Start of Entries supplied

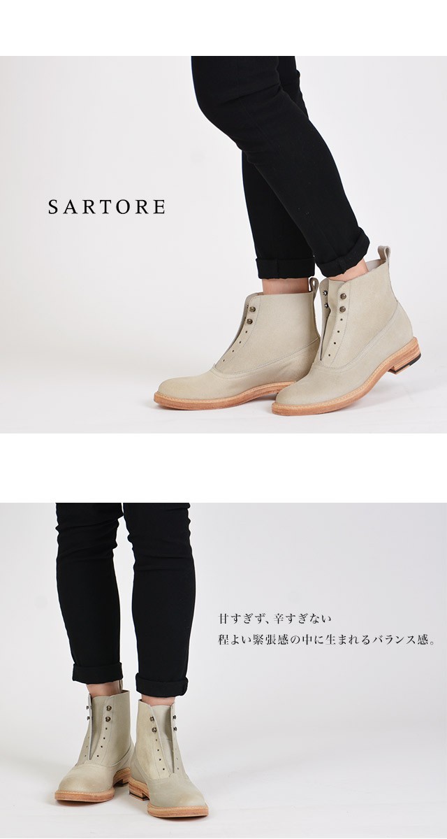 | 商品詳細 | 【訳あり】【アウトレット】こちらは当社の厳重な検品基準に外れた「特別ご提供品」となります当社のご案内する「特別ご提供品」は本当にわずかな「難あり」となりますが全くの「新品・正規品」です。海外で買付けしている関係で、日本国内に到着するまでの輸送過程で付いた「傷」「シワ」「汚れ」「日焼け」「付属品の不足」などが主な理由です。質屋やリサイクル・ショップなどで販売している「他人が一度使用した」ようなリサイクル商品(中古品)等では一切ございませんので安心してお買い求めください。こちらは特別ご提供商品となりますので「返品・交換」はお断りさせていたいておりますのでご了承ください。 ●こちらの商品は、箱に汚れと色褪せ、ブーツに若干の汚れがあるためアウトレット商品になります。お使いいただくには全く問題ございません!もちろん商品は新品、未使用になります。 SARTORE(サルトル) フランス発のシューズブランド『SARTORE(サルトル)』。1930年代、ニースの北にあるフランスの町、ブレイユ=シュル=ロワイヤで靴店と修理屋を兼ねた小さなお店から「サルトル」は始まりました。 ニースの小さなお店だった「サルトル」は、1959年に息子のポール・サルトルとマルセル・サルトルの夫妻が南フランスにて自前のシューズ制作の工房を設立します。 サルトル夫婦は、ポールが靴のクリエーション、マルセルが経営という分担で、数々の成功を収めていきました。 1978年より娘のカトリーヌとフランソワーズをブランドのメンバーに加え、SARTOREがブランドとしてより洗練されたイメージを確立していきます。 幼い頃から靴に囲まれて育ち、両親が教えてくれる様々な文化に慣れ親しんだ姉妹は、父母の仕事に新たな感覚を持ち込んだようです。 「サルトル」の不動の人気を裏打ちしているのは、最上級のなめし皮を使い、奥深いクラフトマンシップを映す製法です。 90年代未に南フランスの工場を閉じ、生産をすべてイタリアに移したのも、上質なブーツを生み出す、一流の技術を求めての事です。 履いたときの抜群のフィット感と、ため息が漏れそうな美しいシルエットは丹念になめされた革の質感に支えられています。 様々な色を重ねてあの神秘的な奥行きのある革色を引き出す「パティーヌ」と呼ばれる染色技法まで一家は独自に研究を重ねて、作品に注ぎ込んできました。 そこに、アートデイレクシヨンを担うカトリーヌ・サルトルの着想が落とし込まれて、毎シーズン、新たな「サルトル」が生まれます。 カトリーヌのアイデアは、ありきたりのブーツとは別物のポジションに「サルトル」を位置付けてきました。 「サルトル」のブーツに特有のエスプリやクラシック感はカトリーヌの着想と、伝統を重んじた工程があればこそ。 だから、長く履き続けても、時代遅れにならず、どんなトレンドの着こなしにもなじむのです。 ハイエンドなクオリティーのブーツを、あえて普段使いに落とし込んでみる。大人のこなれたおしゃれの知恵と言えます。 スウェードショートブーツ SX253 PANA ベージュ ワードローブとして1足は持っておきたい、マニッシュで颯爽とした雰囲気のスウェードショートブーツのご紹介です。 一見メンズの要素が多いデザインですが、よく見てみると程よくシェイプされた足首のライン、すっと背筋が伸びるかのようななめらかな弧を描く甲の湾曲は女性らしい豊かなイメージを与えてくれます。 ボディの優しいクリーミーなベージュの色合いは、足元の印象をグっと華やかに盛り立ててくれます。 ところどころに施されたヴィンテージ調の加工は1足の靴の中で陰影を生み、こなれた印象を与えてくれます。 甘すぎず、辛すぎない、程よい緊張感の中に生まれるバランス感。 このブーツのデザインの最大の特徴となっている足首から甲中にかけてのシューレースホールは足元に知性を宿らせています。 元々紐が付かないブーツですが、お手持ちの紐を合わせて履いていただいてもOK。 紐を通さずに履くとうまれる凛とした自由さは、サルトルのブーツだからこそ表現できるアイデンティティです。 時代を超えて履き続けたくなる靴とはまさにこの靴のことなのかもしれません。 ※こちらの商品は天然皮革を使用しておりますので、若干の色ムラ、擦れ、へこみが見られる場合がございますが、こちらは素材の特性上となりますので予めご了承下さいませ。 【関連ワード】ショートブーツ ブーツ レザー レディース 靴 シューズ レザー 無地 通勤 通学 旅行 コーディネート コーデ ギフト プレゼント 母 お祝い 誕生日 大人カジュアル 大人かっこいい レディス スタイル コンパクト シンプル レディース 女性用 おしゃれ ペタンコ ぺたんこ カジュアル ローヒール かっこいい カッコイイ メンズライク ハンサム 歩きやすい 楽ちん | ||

End of Entries supplied
Start of Entries supplied

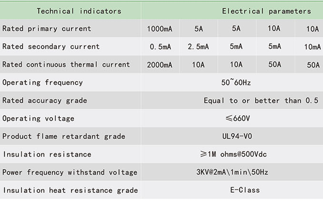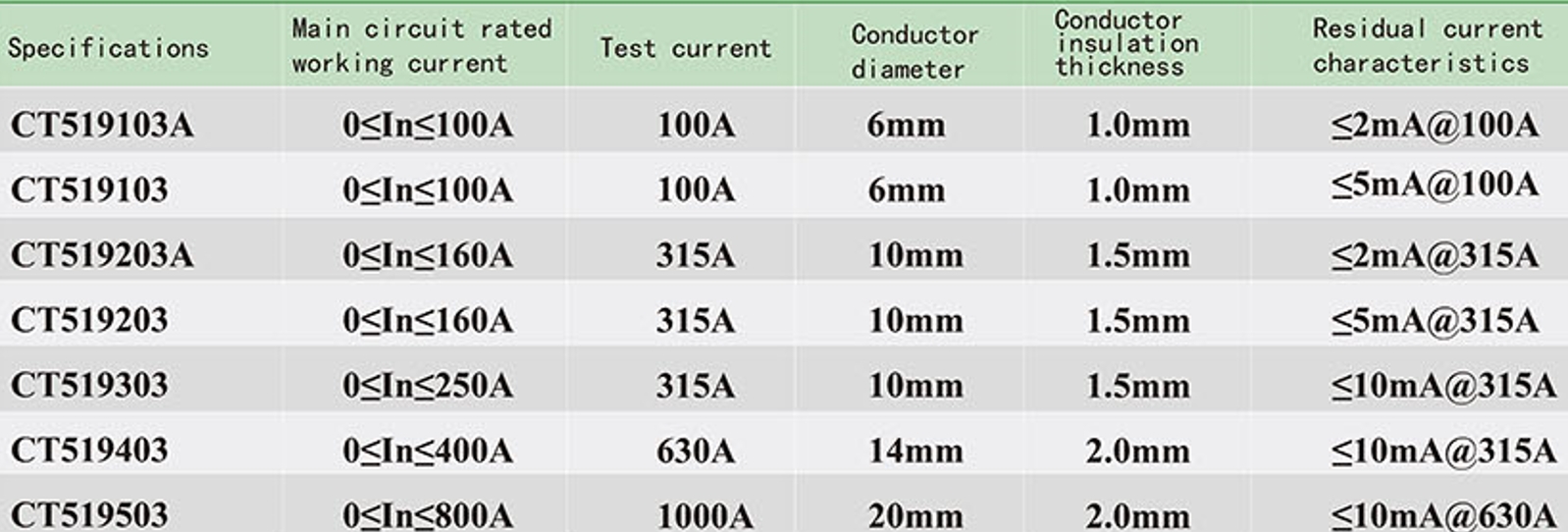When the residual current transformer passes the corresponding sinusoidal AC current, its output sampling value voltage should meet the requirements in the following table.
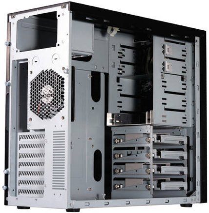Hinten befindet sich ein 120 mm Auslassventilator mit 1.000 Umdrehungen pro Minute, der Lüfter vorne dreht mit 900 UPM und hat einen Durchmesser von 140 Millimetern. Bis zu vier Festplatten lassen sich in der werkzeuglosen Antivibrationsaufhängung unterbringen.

End of Entries supplied

■ Assignment
In the records above, find the line with "When the residual" and the line with "Hinten befindet sich"; please transcribe exactly those two lines and all lines between them, omitting any picture.

■ Reply to the task
When the residual current transformer passes the corresponding sinusoidal AC current, its output sampling value voltage should meet the requirements in the following table.
Hinten befindet sich ein 120 mm Auslassventilator mit 1.000 Umdrehungen pro Minute, der Lüfter vorne dreht mit 900 UPM und hat einen Durchmesser von 140 Millimetern. Bis zu vier Festplatten lassen sich in der werkzeuglosen Antivibrationsaufhängung unterbringen.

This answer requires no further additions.